Saved entries:
-------------------------
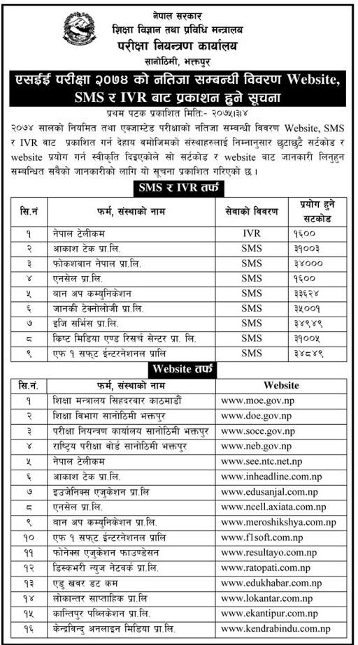 एसईईको नतिजा एसएसमएस, अइभीआर तथा वेबसाइटबाट हेर्न सकिने छ । आइभीआरतर्फ नेपाल टेलिकमबाट १६०० मा फोन गरी नतिजा सुन्न सकिन्छ ।
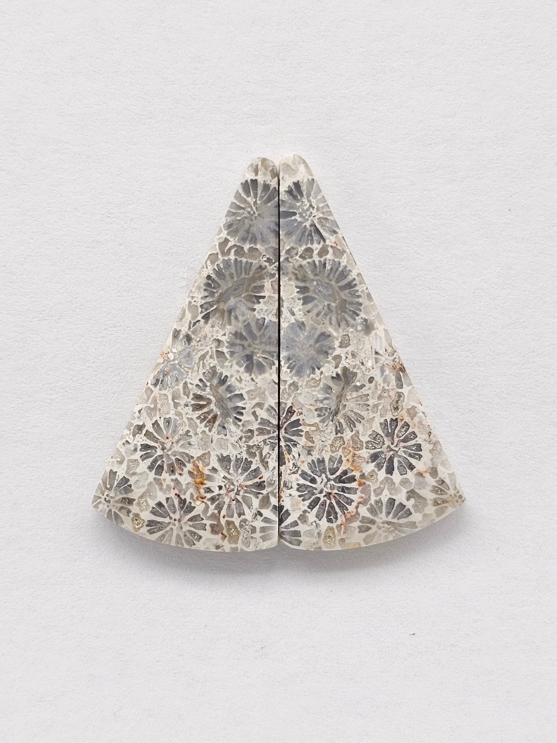 This fossilized coral pair showcases intricate natural flower-like patterns, formed over millions of years. Polished to a smooth finish, these matching cabochons are perfect for earrings or unique jewelry designs. A rare blend of history and beauty. Each piece is one of a kind, making it a special addition to any collection.
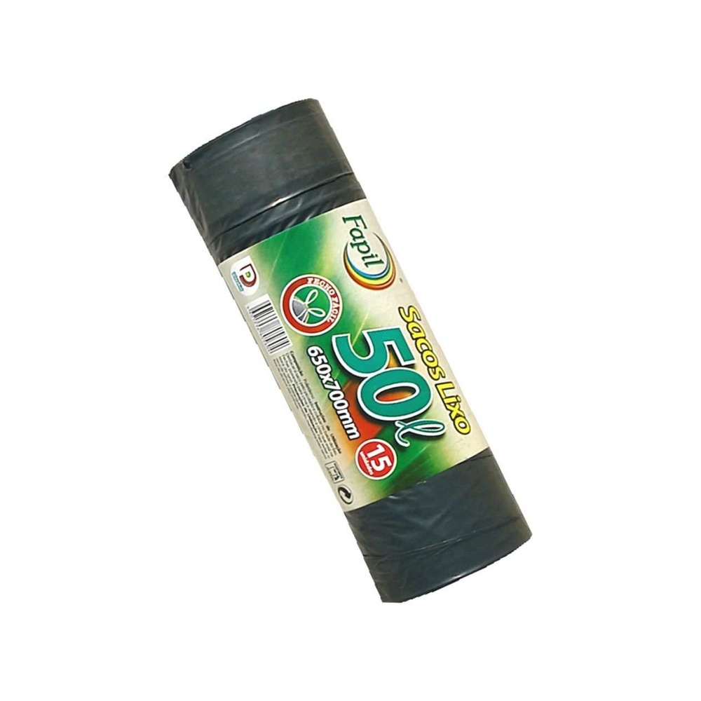 Saco plástico preto resistente c/ fecho fácil para lixo. Embalagem de 15 unidades.
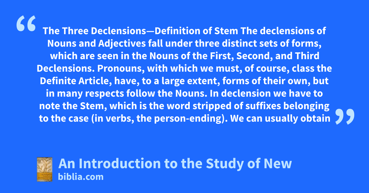 The Three Declensions—Definition of Stem The declensions of Nouns and Adjectives fall under three distinct sets of forms, which are seen in the Nouns of the First, Second, and Third Declensions. Pronouns, with which we must, of course, class the Definite Article, have, to a large extent, forms of their own, but in many respects follow the Nouns. In declension we have to note the Stem, which is the word stripped of suffixes belonging to the case (in verbs, the person-ending). We can usually obtain
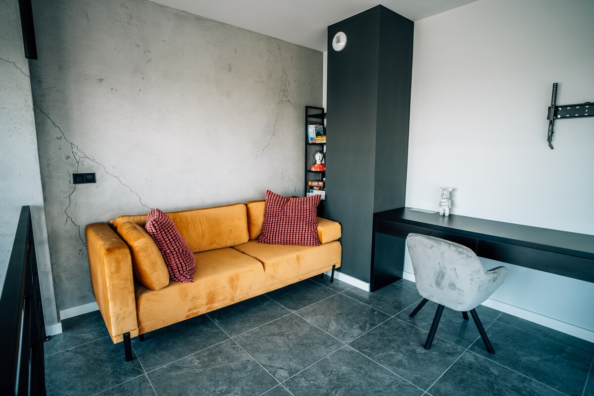 En koselig og fullt utstyrt leilighet i Szczawno-Zdrój, et av de vakreste feriestedene i Polen, i hjertet av Sudetes. Du kan parkere på eiendommen samt på gaten, klimaanlegg og en utendørs celle for sykler og barnevogner. Stue, fullt kjøkkenkrok, oppvaskmaskin, TV-kaffemaskin, garderobe, arbeidsplass, balkong, seng, sofa. I nærheten av spa-parken, Książ slott, den gamle gruven. Inn- og utsjekking er en egen melding med koden. Vi snakker engelsk!
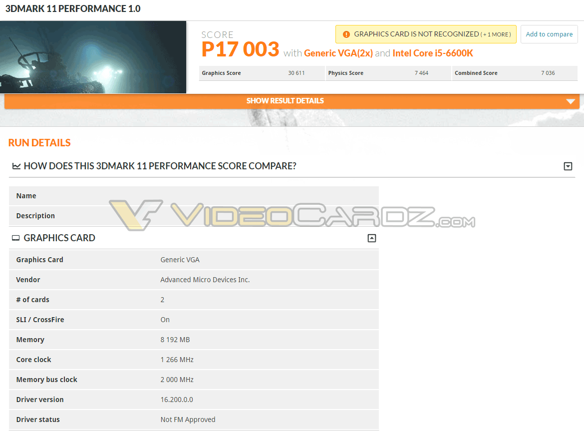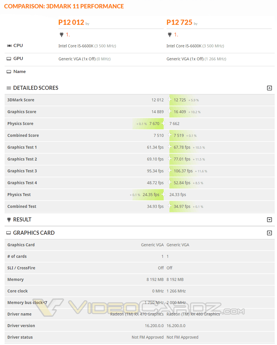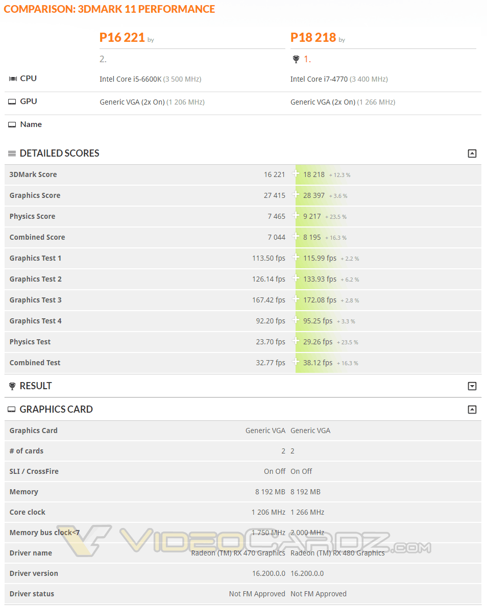 Средний результат RX 480 составляет 16823 очка, минимальный - 15520 очков, наивысший - 18060 очков. У RX 470 средний результат - 13368 очков, минимальный - 13100 очков, максимальный - 16164 очка. Отмечается, что два RX 480 в CrossFire обгоняют одну GeForce GTX 1080, набирая 30611 очков.
-------------------------
How to complete this task: Print out the entries above word for word from the first line to the line containing "Saco plástico preto", both included, omitting the pictures.

Written reply:
 एसईईको नतिजा एसएसमएस, अइभीआर तथा वेबसाइटबाट हेर्न सकिने छ । आइभीआरतर्फ नेपाल टेलिकमबाट १६०० मा फोन गरी नतिजा सुन्न सकिन्छ ।
 This fossilized coral pair showcases intricate natural flower-like patterns, formed over millions of years. Polished to a smooth finish, these matching cabochons are perfect for earrings or unique jewelry designs. A rare blend of history and beauty. Each piece is one of a kind, making it a special addition to any collection.
 Saco plástico preto resistente c/ fecho fácil para lixo. Embalagem de 15 unidades.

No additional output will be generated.